9. Notice. All notices, requests, demands, and all other communications
required or permitted by either party to the other party by this Agreement
(including, without limitation, any notice of termination of employment and any
notice of an intention to arbitrate) shall be in writing and shall be deemed to
have been duly given when delivered personally or received by certified or
registered mail, return receipt requested, postage prepaid, at the address of
the other party, as first written above (directed to the attention of the Board
of Directors and Corporate Secretary in the case of the Corporation ). Either
party hereto may change its address for purposes of this Section 9 by giving 15
days' prior notice to the other party hereto.
10. Severability. If any term or provision of this Agreement or the
application hereof to any person or circumstances shall to any extent be invalid
or unenforceable, the remainder of this Agreement or the application of such
term or provision to persons or circumstances other than those as to which it is
held invalid or unenforceable shall not be affected thereby, and each term and
provision of this Agreement shall be valid and enforceable to the fullest extent
permitted by law.
11. Counterparts. This Agreement may be executed in several
counterparts, each of which shall be deemed an original, but all of which
together shall constitute one and the same instrument.
12. Governing Law. This Agreement has been executed and delivered in
the State of Minnesota and shall, in all respects, be governed by, and construed
and enforced in accordance with, the laws of the State of Minnesota, including
all matters of construction, validity and performance.

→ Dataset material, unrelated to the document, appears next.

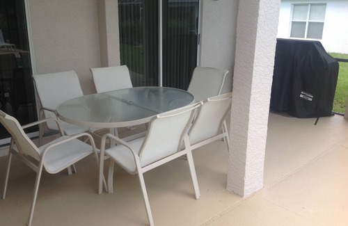 El área exterior es el lugar para estar en Ft Myers. Con un patio cubierto accesible desde el dormitorio principal, sala de estar o área de desayuno, puede disfrutar de la vista en todos los climas. Tenemos una nueva mesa de patio de vidrio templado con 6 sillas para disfrutar de comidas o un juego amistoso entre amigos y familiares. La piscina más allá mide aproximadamente 30 pies de largo y 14 pies de ancho. Tiene un extremo seguro y poco profundo para los nadadores que no tienen nada y un extremo profundo de 5 pies y 6 pulgadas para los más seguros. Un práctico asiento al final de la piscina te permite sentarte hasta la cintura en el agua y disfrutar de la vista sobre el lago o disfrutar de una bebida fría en los utensilios de plástico que ofrecemos.

13. Effect of Agreement; Entire Agreement. The Corporation and Employee
understand and agree that this Agreement is intended to reflect their agreement
only with respect to payments and benefits upon termination in certain cases and
is not intended to create any obligation on the part of either party to continue
employment. This Agreement supersedes any and all other oral or written
agreements or policies made relating to the subject matter hereof and
constitutes the entire agreement of the parties relating to the subject matter
hereof; provided that this Agreement shall not supersede or limit in any way
Employee's rights under any benefit plan, program or arrangements in accordance
with their terms.
14. ERISA. For purposes of the Employee Retirement Income Security Act
of 1974, this Agreement is intended to be a severance pay employee welfare
benefit plan, and not an employee pension benefit plan, and shall be construed
and administered with that intention.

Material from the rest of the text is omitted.